INFORMATION SUPPLIED
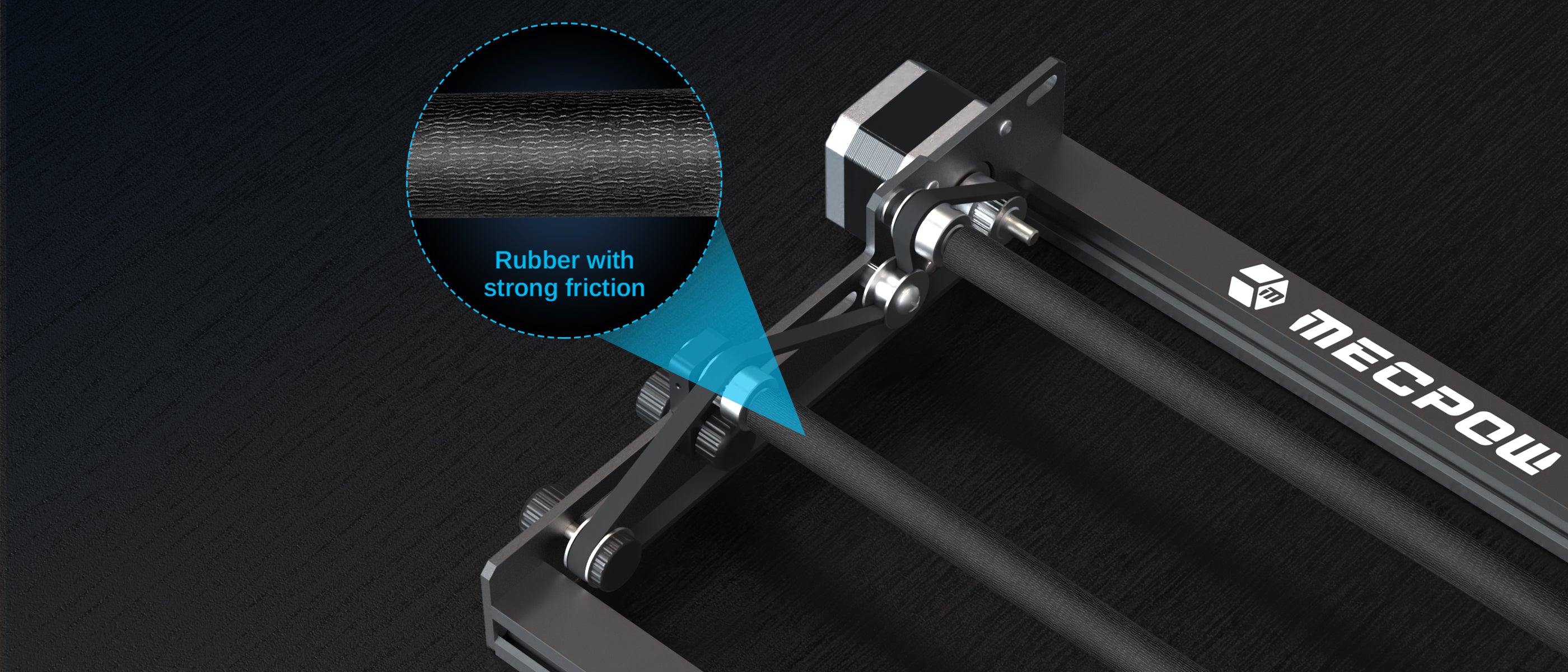 Il Mecpow G3 Pro è dotato di 4 staffe di sollevamento, che consentono una dimensione di incisione maggiore. Il rullo rotante ha un'elevata applicabilità. È in grado di funzionare con il 95% delle macchine per incisione sul mercato senza problemi.
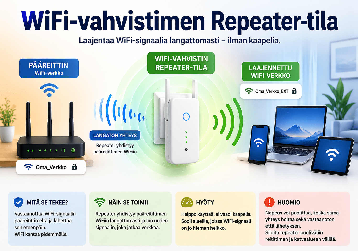 Repeater-tilassa laite ottaa olemassa olevan WiFi-verkon vastaan langattomasti ja lähettää sen uudelleen eteenpäin.
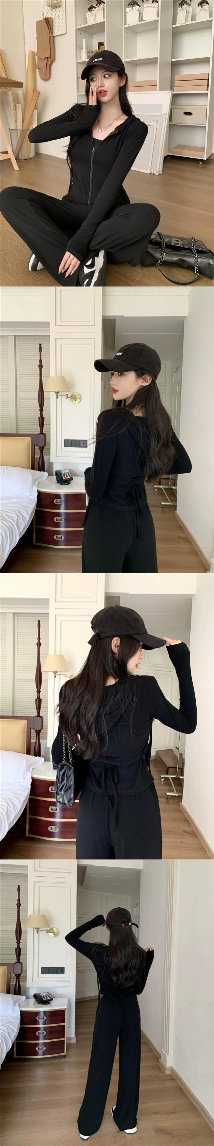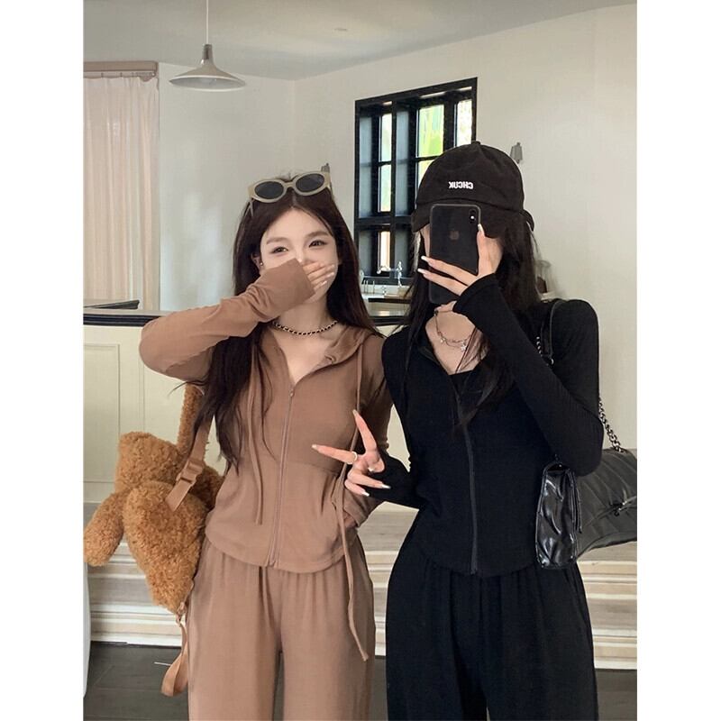 フード付きレースアップスリム長袖トレーナージャケットワイドレッグパンツ女性秋 2023 新しいファッション 2 点セット ロング オータム 秋物 missk6317612518

WHAT THE EXERCISE ASKS
Each line above is to be copied verbatim. Drop any image from the copy.

ANSWER BELOW
 Il Mecpow G3 Pro è dotato di 4 staffe di sollevamento, che consentono una dimensione di incisione maggiore. Il rullo rotante ha un'elevata applicabilità. È in grado di funzionare con il 95% delle macchine per incisione sul mercato senza problemi.
 Repeater-tilassa laite ottaa olemassa olevan WiFi-verkon vastaan langattomasti ja lähettää sen uudelleen eteenpäin.
 フード付きレースアップスリム長袖トレーナージャケットワイドレッグパンツ女性秋 2023 新しいファッション 2 点セット ロング オータム 秋物 missk6317612518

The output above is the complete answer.